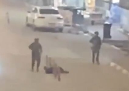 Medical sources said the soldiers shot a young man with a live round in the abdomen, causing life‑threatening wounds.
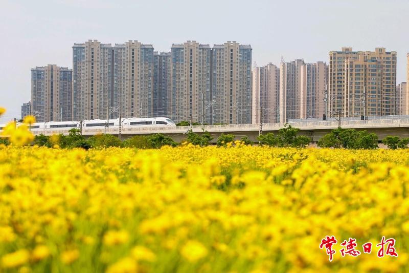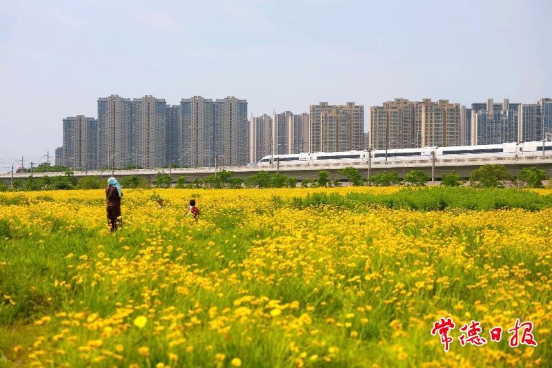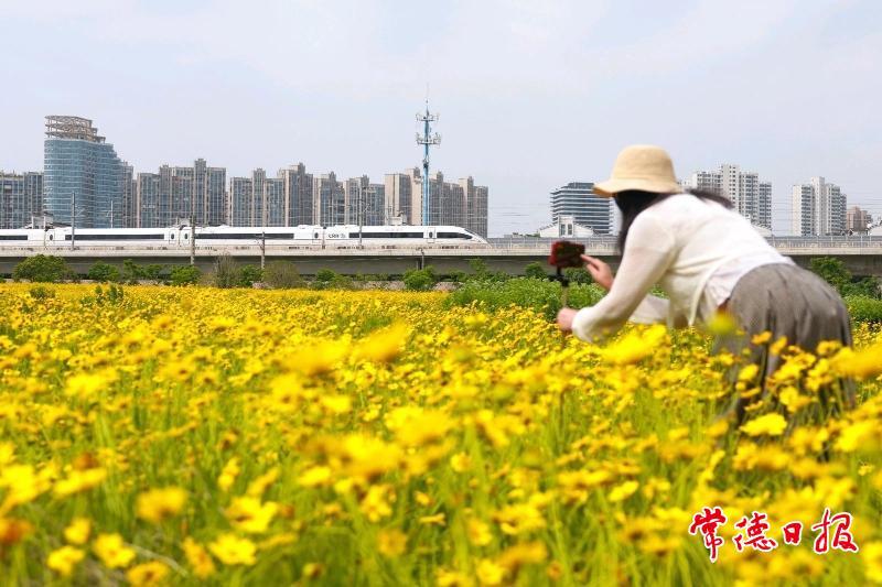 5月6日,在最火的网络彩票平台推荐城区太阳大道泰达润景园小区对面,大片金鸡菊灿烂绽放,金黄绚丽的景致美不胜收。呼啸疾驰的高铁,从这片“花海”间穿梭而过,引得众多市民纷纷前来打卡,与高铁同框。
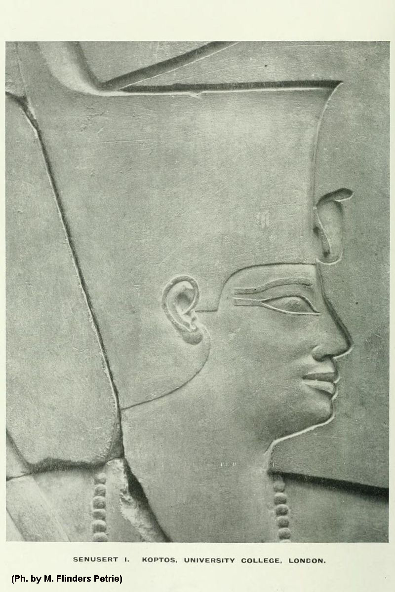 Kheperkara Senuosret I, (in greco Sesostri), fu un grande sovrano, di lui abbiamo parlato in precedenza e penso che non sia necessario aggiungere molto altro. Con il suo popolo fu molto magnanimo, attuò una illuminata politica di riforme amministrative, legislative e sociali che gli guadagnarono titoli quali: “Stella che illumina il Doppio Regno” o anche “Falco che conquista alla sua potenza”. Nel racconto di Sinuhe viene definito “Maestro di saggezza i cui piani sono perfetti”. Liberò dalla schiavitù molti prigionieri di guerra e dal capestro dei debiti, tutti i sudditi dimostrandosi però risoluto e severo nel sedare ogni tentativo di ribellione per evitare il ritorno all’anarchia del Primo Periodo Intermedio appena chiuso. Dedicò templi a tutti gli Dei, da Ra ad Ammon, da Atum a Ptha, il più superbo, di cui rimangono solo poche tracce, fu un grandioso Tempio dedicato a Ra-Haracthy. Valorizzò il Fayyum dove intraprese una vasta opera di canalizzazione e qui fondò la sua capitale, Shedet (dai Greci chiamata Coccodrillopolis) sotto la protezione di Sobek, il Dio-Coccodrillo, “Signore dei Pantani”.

---

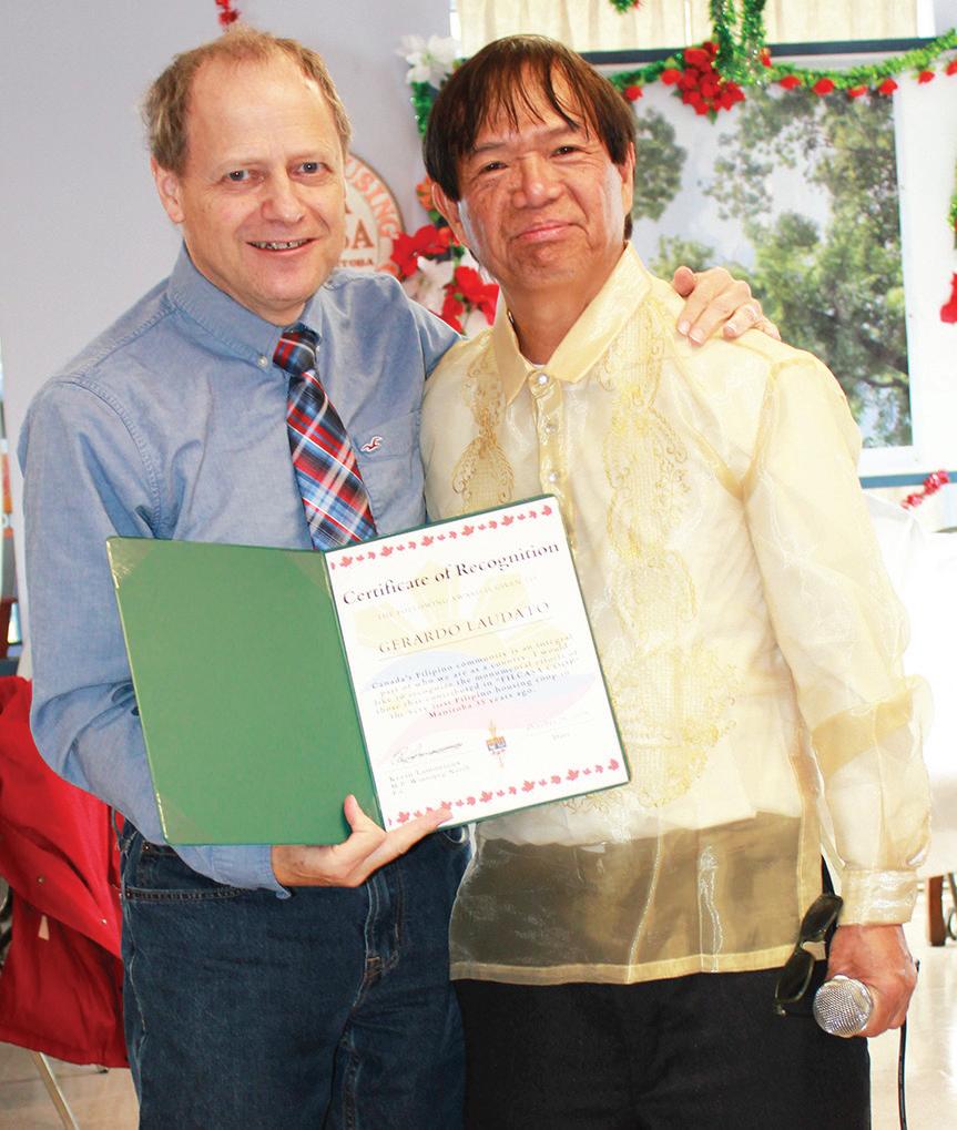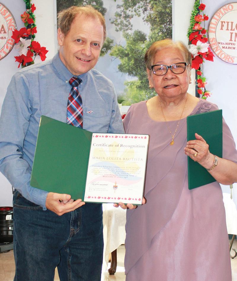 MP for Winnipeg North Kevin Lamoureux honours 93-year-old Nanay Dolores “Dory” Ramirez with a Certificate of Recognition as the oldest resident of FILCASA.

* [The task]: In the records above, find the line with "Medical sources said" and the line with "Kheperkara Senuosret I, (in". Write out exactly those lines and every one between, with no pictures and no other lines.

* [Exercise answer]:
 Medical sources said the soldiers shot a young man with a live round in the abdomen, causing life‑threatening wounds.
 5月6日,在最火的网络彩票平台推荐城区太阳大道泰达润景园小区对面,大片金鸡菊灿烂绽放,金黄绚丽的景致美不胜收。呼啸疾驰的高铁,从这片“花海”间穿梭而过,引得众多市民纷纷前来打卡,与高铁同框。
 Kheperkara Senuosret I, (in greco Sesostri), fu un grande sovrano, di lui abbiamo parlato in precedenza e penso che non sia necessario aggiungere molto altro. Con il suo popolo fu molto magnanimo, attuò una illuminata politica di riforme amministrative, legislative e sociali che gli guadagnarono titoli quali: “Stella che illumina il Doppio Regno” o anche “Falco che conquista alla sua potenza”. Nel racconto di Sinuhe viene definito “Maestro di saggezza i cui piani sono perfetti”. Liberò dalla schiavitù molti prigionieri di guerra e dal capestro dei debiti, tutti i sudditi dimostrandosi però risoluto e severo nel sedare ogni tentativo di ribellione per evitare il ritorno all’anarchia del Primo Periodo Intermedio appena chiuso. Dedicò templi a tutti gli Dei, da Ra ad Ammon, da Atum a Ptha, il più superbo, di cui rimangono solo poche tracce, fu un grandioso Tempio dedicato a Ra-Haracthy. Valorizzò il Fayyum dove intraprese una vasta opera di canalizzazione e qui fondò la sua capitale, Shedet (dai Greci chiamata Coccodrillopolis) sotto la protezione di Sobek, il Dio-Coccodrillo, “Signore dei Pantani”.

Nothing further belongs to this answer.